Nivolumab

Nivolumab is an antineoplastic agent belonging to the pharmacological class of Programmed Death-Ligand 1 (PD-L1) inhibitors.

The FDA approves Nivolumab for treating melanoma, non small-cell lung cancer, renal cell cancer, bladder cancer, head and neck cancer, and Hodgkin lymphoma.

Nivolumab is administered intravenously, achieving systemic absorption. It undergoes distribution throughout the body, primarily in the blood. Metabolism occurs in tissues with unclear details. Elimination involves clearance through the reticuloendothelial system, with a half-life of around 25 days.

The most common side effects of Nivolumab include fatigue, nausea, decreased appetite, constipation, cough, and shortness of breath.

Nivolumab is available as an injectable solution.

The molecule is available in India, the United States, the United Kingdom, Germany, Japan, Australia, Canada, France, and Italy.

Nivolumab is an antineoplastic agent belonging to the pharmacological class of programmed death-ligand 1 (PD-L1) inhibitors.

Nivolumab, a human immunoglobulin G4 (IgG4) monoclonal antibody, activates the immune response to tumour cells by binding to the harmful immunoregulatory protein programmed death-1 (PD-1) receptor. Tumour cells expressing PD-L1 and PD-L2 inhibit T-cell action by binding to the PD-1 receptor. Nivolumab prevents this inhibition, restoring a patient's tumor-specific T-cell response.

Steady-state for Nivolumab is reached after 12 weeks of monotherapy.

Nivolumab is available as an injectable solution.

Injectable solutions: To be administered parenterally, as applicable.

As prescribed by the physician, take the medication with or without meals.
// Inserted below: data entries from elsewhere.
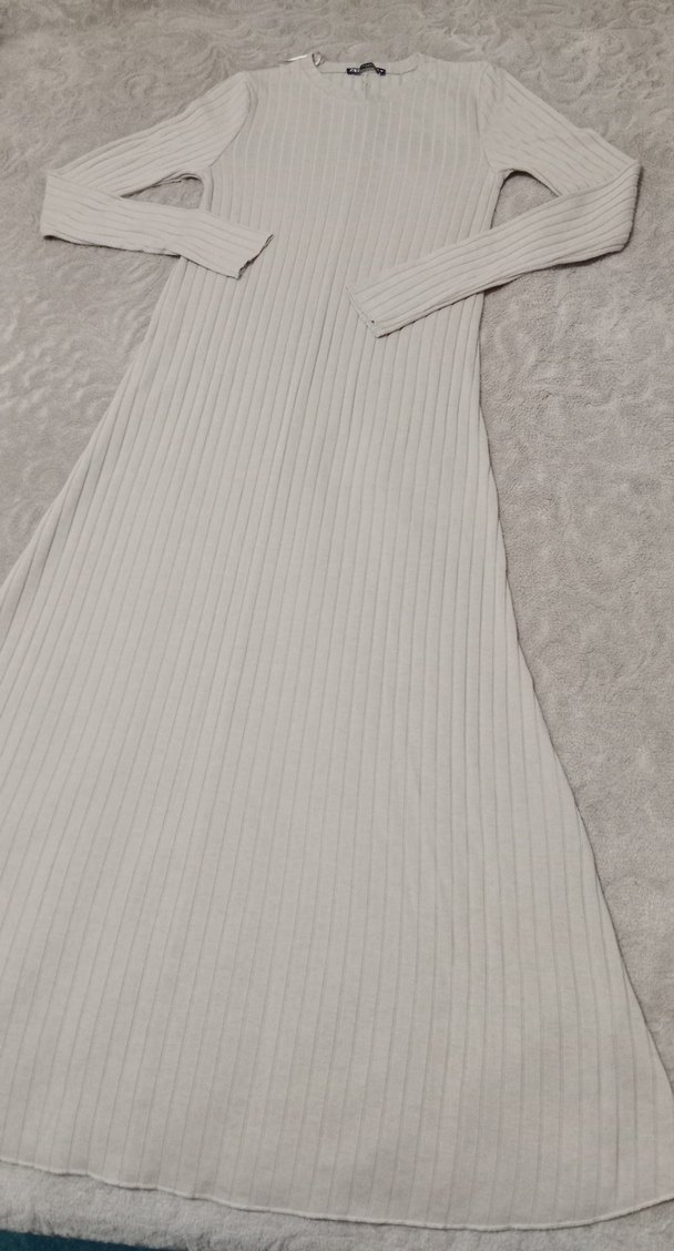 Gri renkte, uzun kollu ve bisiklet yaka pilili, vücuda oturan uzun elbise. Yumuşak sentetik kumaştan, günlük rahat kullanım için uygun.
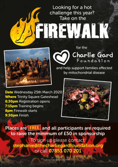 On Wednesday 25th March we’ll be tackling the firewalk in the courtyard of Trinity Gardens in Gateshead. Places are completely free but we do ask participants to raise the minimum of £50 in sponsorship. However, if you just fancy having a go at the firewalk for your own personal enjoyment, then we do have a set amount of places available at £20.
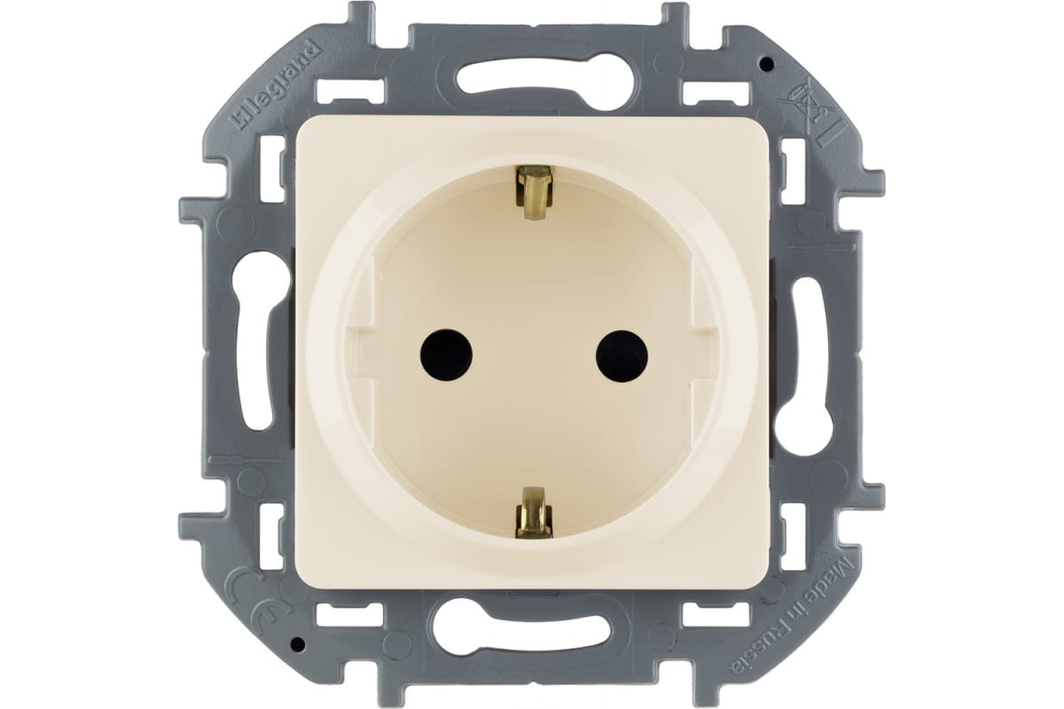 Розетка силовая встраиваемая Legrand Inspiria с заземлением и шторками, цвет слоновая кость применяется для электропитания в зданиях с проводкой с заземлением (с защитным проводником). Защищает детей и других пользователей от удара электрическим током. Шторки осуществляют защитную функцию путём ограничения доступа к токоведущим контактам. Доступ открывается только при подключении вилки. Лицевая панель крепится на защелках. Изготовлена из прочного глянцевого поликарбоната, стойкого к механическим воздействиям, выгоранию и загрязнениям. Защитные шторки интегрированы в механизм, обеспечивают высокий уровень электробезопасности и не затрудняют подключение и извлечение вилки.
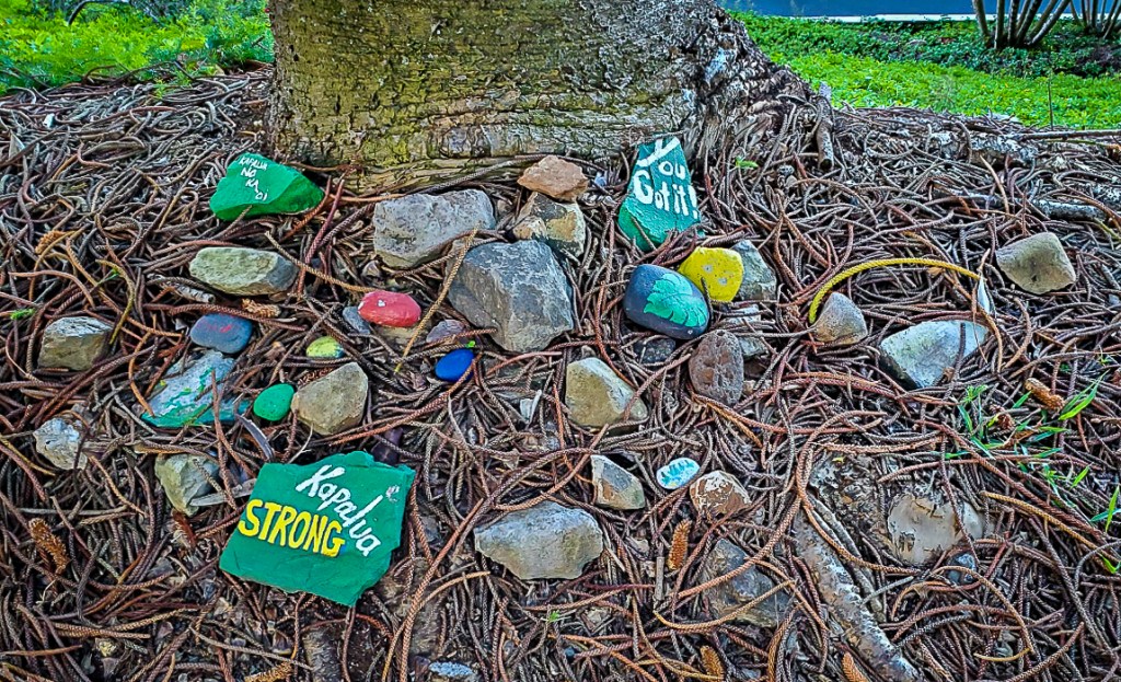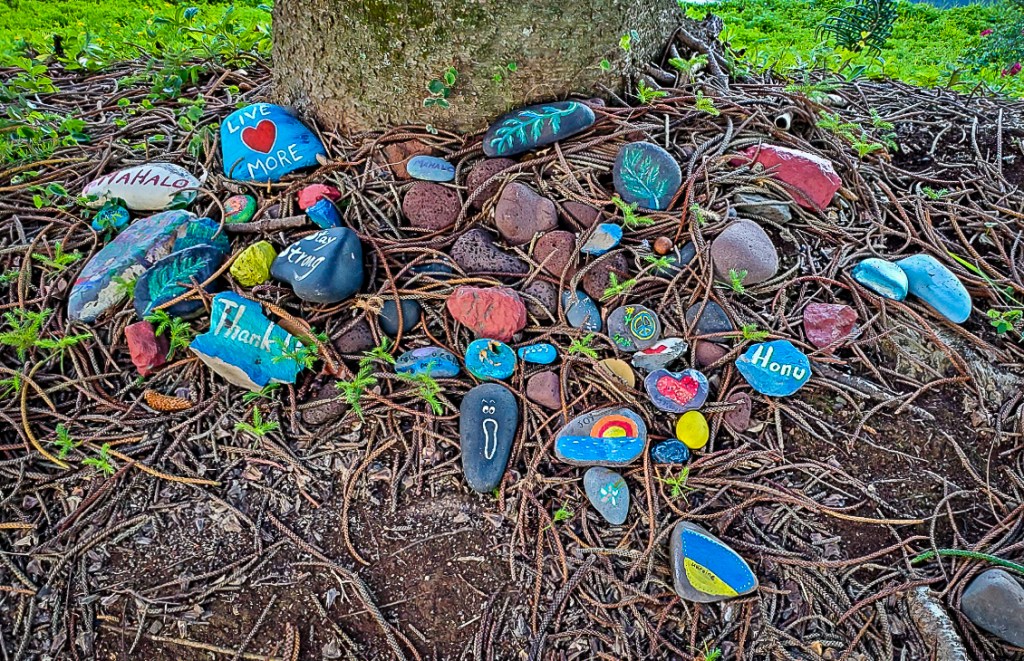 Going up Kapalua Drive I noticed three trees (of the many which line that road) under which some decorated rocks had been placed. I don’t know if this was a school project, or perhaps the result of a kids-camp arts and crafts session, or something else. But they struck me as kind of cheery and worth recording (these images can be clicked to see them larger).

• Non-small cell lung cancer
• Kidney cancer
• Head and neck cancer
• Melanoma
• Hodgkin’s disease
• Liver cancer

• Non-small cell lung cancer: By focusing on the PD-L1 pathways, Nivolumab effectively treats non-small cell lung cancer (NSCLC) by boosting the immune system's ability to identify and destroy cancer cells. It is a PD-L1 inhibitor that helps patients with advanced or metastatic NSCLC that is mainly brought on by cigarette smoking by improving overall survival, progression-free survival, and therapeutic outcomes.
• Melanoma: Melanoma, a common type of skin cancer that develops from melanocytes, which produce pigment. Nivolumab targets the PD-L1 pathway in melanoma, improving treatment outcomes and overall survival by strengthening the immune system's ability to combat cancer cells.
• Treatment of Hepatocellular carcinoma: Hepatocellular carcinoma (HCC) is an effective treatment for primary liver cancer produced by hepatocytes treated with Nivolumab. Its effectiveness is due to its ability to interfere with the immune system's PD-L1-mediated suppression, which permits a focused anti-cancer response. With the potential to prolong life and enhance patient quality of life, targeted immunotherapy offers a promising approach to managing HCC.
• Head and neck cancer: Cancer of the mouth, nose, sinuses, or throat is categorized as head and neck cancer. Cancer cells cannot increase after injecting Nivolumab; instead, they are killed or stopped from growing. Consult a doctor about the advantages and hazards of taking this potent and highly toxic drug. When receiving this medication, you should abstain from smoking and alcohol. One should also keep hydrated by drinking lots of water.
• Liver Cancer: Hepatocytes, which are the cells that make up the liver, are the cells that can develop cancer. In its early stages, cancer may not show any signs at all, but when it progresses to later stages, it may cause symptoms including weight loss, vomiting, stomach discomfort, and yellowing skin. By killing cancer cells, nivolumab stops the disease from growing and spreading to other unaffected areas. Refrain from smoking and consuming alcohol. Smoking and alcohol use might exacerbate the disease, thereby making recovery challenging.
• Hodgkin’s disease: A kind of blood cancer called lymphoma, which originates in the lymphatic system, is Hodgkin's disease. The lymphatic system aids in the immune system's ability to eliminate waste and combat infections. Nivolumab inhibits the growth and/or kills cancer cells and their ability to increase.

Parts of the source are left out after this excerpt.